◆ **How to complete this task**: Reproduce the following entries verbatim, each one complete.

■ ■ ■ ■

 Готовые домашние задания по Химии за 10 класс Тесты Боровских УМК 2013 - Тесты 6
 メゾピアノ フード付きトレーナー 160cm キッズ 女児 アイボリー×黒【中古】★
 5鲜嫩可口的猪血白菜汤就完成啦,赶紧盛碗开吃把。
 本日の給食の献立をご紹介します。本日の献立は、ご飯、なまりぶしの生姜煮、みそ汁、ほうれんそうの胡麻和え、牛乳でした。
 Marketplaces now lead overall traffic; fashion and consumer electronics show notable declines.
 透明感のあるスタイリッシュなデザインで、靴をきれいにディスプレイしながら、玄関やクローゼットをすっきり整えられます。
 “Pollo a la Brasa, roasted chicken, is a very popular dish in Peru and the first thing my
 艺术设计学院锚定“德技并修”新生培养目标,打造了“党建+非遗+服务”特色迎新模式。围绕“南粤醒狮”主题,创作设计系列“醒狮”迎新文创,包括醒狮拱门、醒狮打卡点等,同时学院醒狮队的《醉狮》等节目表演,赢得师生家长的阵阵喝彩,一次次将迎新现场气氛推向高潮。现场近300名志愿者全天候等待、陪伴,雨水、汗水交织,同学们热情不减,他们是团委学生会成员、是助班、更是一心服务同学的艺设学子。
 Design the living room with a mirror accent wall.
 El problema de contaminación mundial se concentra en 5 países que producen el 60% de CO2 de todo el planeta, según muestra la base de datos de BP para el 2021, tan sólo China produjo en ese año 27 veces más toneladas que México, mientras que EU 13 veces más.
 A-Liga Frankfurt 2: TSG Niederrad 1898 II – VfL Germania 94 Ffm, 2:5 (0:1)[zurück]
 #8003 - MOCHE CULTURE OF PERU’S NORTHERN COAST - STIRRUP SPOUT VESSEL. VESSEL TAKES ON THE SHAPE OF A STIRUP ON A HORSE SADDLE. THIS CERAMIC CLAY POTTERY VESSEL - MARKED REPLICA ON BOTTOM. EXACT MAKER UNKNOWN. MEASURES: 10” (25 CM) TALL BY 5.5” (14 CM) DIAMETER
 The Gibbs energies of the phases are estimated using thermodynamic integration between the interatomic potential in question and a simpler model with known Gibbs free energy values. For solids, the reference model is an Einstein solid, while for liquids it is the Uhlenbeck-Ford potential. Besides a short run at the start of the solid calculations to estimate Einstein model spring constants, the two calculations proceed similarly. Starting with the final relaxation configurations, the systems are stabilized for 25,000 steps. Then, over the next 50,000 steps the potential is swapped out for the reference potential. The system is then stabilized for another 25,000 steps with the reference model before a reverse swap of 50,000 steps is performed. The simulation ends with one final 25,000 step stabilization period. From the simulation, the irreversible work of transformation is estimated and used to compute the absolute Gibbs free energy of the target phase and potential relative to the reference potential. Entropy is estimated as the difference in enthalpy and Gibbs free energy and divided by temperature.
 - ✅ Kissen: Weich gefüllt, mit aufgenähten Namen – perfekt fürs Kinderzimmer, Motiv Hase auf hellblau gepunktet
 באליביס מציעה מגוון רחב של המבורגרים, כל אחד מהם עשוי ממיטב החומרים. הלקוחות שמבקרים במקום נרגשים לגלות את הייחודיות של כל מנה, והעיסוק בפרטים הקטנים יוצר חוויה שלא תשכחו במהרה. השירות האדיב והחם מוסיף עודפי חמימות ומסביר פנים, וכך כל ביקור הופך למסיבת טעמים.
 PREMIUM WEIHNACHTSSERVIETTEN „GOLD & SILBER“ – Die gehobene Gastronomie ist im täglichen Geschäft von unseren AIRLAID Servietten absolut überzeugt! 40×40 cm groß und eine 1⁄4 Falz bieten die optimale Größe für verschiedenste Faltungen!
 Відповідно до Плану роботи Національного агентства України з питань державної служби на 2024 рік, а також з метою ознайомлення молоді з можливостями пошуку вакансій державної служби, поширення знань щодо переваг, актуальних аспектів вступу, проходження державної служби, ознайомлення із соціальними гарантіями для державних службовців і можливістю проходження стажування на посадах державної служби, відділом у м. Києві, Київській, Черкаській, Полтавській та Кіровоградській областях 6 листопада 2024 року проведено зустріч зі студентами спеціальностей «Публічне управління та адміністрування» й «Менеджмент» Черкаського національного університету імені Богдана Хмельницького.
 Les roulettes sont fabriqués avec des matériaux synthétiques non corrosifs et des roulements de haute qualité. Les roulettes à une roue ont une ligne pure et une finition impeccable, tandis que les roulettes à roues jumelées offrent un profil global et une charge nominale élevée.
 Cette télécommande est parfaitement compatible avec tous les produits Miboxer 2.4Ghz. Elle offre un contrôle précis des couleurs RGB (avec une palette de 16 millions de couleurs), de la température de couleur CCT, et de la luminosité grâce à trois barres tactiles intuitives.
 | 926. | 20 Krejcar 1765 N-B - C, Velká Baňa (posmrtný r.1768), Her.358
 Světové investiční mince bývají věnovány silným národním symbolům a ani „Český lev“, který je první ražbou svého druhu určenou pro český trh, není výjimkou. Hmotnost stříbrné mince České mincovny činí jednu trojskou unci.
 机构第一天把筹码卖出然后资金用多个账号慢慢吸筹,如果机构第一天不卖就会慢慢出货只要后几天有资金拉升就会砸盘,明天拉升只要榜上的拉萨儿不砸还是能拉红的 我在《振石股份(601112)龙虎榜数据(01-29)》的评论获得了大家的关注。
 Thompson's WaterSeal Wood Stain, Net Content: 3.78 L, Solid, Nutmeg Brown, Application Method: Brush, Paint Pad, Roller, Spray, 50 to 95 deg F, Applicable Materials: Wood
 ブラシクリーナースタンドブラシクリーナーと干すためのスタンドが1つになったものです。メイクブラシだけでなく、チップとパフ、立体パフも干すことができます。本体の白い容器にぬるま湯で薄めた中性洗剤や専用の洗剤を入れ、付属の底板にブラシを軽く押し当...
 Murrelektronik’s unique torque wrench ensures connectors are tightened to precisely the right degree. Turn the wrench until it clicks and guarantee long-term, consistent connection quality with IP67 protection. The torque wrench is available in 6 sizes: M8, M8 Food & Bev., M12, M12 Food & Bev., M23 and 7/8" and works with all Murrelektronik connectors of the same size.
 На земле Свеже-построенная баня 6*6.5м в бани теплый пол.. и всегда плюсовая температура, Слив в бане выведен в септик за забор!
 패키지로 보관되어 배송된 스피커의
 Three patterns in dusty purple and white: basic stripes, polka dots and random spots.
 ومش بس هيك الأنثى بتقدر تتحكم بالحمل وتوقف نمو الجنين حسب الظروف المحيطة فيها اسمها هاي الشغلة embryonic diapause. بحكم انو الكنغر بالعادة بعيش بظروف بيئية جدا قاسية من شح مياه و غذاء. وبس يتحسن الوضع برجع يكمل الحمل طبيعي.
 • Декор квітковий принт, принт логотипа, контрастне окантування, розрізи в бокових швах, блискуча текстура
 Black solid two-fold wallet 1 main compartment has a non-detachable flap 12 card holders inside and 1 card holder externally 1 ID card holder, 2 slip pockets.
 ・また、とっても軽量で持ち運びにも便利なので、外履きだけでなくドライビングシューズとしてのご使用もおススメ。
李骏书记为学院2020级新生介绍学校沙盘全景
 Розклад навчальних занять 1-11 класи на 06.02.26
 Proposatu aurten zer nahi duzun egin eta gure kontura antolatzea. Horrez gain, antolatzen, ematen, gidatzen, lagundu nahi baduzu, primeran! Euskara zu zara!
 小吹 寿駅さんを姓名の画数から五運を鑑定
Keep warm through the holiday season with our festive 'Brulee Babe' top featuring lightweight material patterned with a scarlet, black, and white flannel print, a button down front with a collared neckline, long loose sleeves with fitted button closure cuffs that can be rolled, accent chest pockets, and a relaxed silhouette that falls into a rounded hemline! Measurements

■ ■ ■ ■

◆ **Answer**:
 Готовые домашние задания по Химии за 10 класс Тесты Боровских УМК 2013 - Тесты 6
 メゾピアノ フード付きトレーナー 160cm キッズ 女児 アイボリー×黒【中古】★
 5鲜嫩可口的猪血白菜汤就完成啦,赶紧盛碗开吃把。
 本日の給食の献立をご紹介します。本日の献立は、ご飯、なまりぶしの生姜煮、みそ汁、ほうれんそうの胡麻和え、牛乳でした。
 Marketplaces now lead overall traffic; fashion and consumer electronics show notable declines.
 透明感のあるスタイリッシュなデザインで、靴をきれいにディスプレイしながら、玄関やクローゼットをすっきり整えられます。
 “Pollo a la Brasa, roasted chicken, is a very popular dish in Peru and the first thing my
 艺术设计学院锚定“德技并修”新生培养目标,打造了“党建+非遗+服务”特色迎新模式。围绕“南粤醒狮”主题,创作设计系列“醒狮”迎新文创,包括醒狮拱门、醒狮打卡点等,同时学院醒狮队的《醉狮》等节目表演,赢得师生家长的阵阵喝彩,一次次将迎新现场气氛推向高潮。现场近300名志愿者全天候等待、陪伴,雨水、汗水交织,同学们热情不减,他们是团委学生会成员、是助班、更是一心服务同学的艺设学子。
 Design the living room with a mirror accent wall.
 El problema de contaminación mundial se concentra en 5 países que producen el 60% de CO2 de todo el planeta, según muestra la base de datos de BP para el 2021, tan sólo China produjo en ese año 27 veces más toneladas que México, mientras que EU 13 veces más.
 A-Liga Frankfurt 2: TSG Niederrad 1898 II – VfL Germania 94 Ffm, 2:5 (0:1)[zurück]
 #8003 - MOCHE CULTURE OF PERU’S NORTHERN COAST - STIRRUP SPOUT VESSEL. VESSEL TAKES ON THE SHAPE OF A STIRUP ON A HORSE SADDLE. THIS CERAMIC CLAY POTTERY VESSEL - MARKED REPLICA ON BOTTOM. EXACT MAKER UNKNOWN. MEASURES: 10” (25 CM) TALL BY 5.5” (14 CM) DIAMETER
 The Gibbs energies of the phases are estimated using thermodynamic integration between the interatomic potential in question and a simpler model with known Gibbs free energy values. For solids, the reference model is an Einstein solid, while for liquids it is the Uhlenbeck-Ford potential. Besides a short run at the start of the solid calculations to estimate Einstein model spring constants, the two calculations proceed similarly. Starting with the final relaxation configurations, the systems are stabilized for 25,000 steps. Then, over the next 50,000 steps the potential is swapped out for the reference potential. The system is then stabilized for another 25,000 steps with the reference model before a reverse swap of 50,000 steps is performed. The simulation ends with one final 25,000 step stabilization period. From the simulation, the irreversible work of transformation is estimated and used to compute the absolute Gibbs free energy of the target phase and potential relative to the reference potential. Entropy is estimated as the difference in enthalpy and Gibbs free energy and divided by temperature.
 - ✅ Kissen: Weich gefüllt, mit aufgenähten Namen – perfekt fürs Kinderzimmer, Motiv Hase auf hellblau gepunktet
 באליביס מציעה מגוון רחב של המבורגרים, כל אחד מהם עשוי ממיטב החומרים. הלקוחות שמבקרים במקום נרגשים לגלות את הייחודיות של כל מנה, והעיסוק בפרטים הקטנים יוצר חוויה שלא תשכחו במהרה. השירות האדיב והחם מוסיף עודפי חמימות ומסביר פנים, וכך כל ביקור הופך למסיבת טעמים.
 PREMIUM WEIHNACHTSSERVIETTEN „GOLD & SILBER“ – Die gehobene Gastronomie ist im täglichen Geschäft von unseren AIRLAID Servietten absolut überzeugt! 40×40 cm groß und eine 1⁄4 Falz bieten die optimale Größe für verschiedenste Faltungen!
 Відповідно до Плану роботи Національного агентства України з питань державної служби на 2024 рік, а також з метою ознайомлення молоді з можливостями пошуку вакансій державної служби, поширення знань щодо переваг, актуальних аспектів вступу, проходження державної служби, ознайомлення із соціальними гарантіями для державних службовців і можливістю проходження стажування на посадах державної служби, відділом у м. Києві, Київській, Черкаській, Полтавській та Кіровоградській областях 6 листопада 2024 року проведено зустріч зі студентами спеціальностей «Публічне управління та адміністрування» й «Менеджмент» Черкаського національного університету імені Богдана Хмельницького.
 Les roulettes sont fabriqués avec des matériaux synthétiques non corrosifs et des roulements de haute qualité. Les roulettes à une roue ont une ligne pure et une finition impeccable, tandis que les roulettes à roues jumelées offrent un profil global et une charge nominale élevée.
 Cette télécommande est parfaitement compatible avec tous les produits Miboxer 2.4Ghz. Elle offre un contrôle précis des couleurs RGB (avec une palette de 16 millions de couleurs), de la température de couleur CCT, et de la luminosité grâce à trois barres tactiles intuitives.
 | 926. | 20 Krejcar 1765 N-B - C, Velká Baňa (posmrtný r.1768), Her.358
 Světové investiční mince bývají věnovány silným národním symbolům a ani „Český lev“, který je první ražbou svého druhu určenou pro český trh, není výjimkou. Hmotnost stříbrné mince České mincovny činí jednu trojskou unci.
 机构第一天把筹码卖出然后资金用多个账号慢慢吸筹,如果机构第一天不卖就会慢慢出货只要后几天有资金拉升就会砸盘,明天拉升只要榜上的拉萨儿不砸还是能拉红的 我在《振石股份(601112)龙虎榜数据(01-29)》的评论获得了大家的关注。
 Thompson's WaterSeal Wood Stain, Net Content: 3.78 L, Solid, Nutmeg Brown, Application Method: Brush, Paint Pad, Roller, Spray, 50 to 95 deg F, Applicable Materials: Wood
 ブラシクリーナースタンドブラシクリーナーと干すためのスタンドが1つになったものです。メイクブラシだけでなく、チップとパフ、立体パフも干すことができます。本体の白い容器にぬるま湯で薄めた中性洗剤や専用の洗剤を入れ、付属の底板にブラシを軽く押し当...
 Murrelektronik’s unique torque wrench ensures connectors are tightened to precisely the right degree. Turn the wrench until it clicks and guarantee long-term, consistent connection quality with IP67 protection. The torque wrench is available in 6 sizes: M8, M8 Food & Bev., M12, M12 Food & Bev., M23 and 7/8" and works with all Murrelektronik connectors of the same size.
 На земле Свеже-построенная баня 6*6.5м в бани теплый пол.. и всегда плюсовая температура, Слив в бане выведен в септик за забор!
 패키지로 보관되어 배송된 스피커의
 Three patterns in dusty purple and white: basic stripes, polka dots and random spots.
 ومش بس هيك الأنثى بتقدر تتحكم بالحمل وتوقف نمو الجنين حسب الظروف المحيطة فيها اسمها هاي الشغلة embryonic diapause. بحكم انو الكنغر بالعادة بعيش بظروف بيئية جدا قاسية من شح مياه و غذاء. وبس يتحسن الوضع برجع يكمل الحمل طبيعي.
 • Декор квітковий принт, принт логотипа, контрастне окантування, розрізи в бокових швах, блискуча текстура
 Black solid two-fold wallet 1 main compartment has a non-detachable flap 12 card holders inside and 1 card holder externally 1 ID card holder, 2 slip pockets.
 ・また、とっても軽量で持ち運びにも便利なので、外履きだけでなくドライビングシューズとしてのご使用もおススメ。
李骏书记为学院2020级新生介绍学校沙盘全景
 Розклад навчальних занять 1-11 класи на 06.02.26
 Proposatu aurten zer nahi duzun egin eta gure kontura antolatzea. Horrez gain, antolatzen, ematen, gidatzen, lagundu nahi baduzu, primeran! Euskara zu zara!
 小吹 寿駅さんを姓名の画数から五運を鑑定
Keep warm through the holiday season with our festive 'Brulee Babe' top featuring lightweight material patterned with a scarlet, black, and white flannel print, a button down front with a collared neckline, long loose sleeves with fitted button closure cuffs that can be rolled, accent chest pockets, and a relaxed silhouette that falls into a rounded hemline! Measurements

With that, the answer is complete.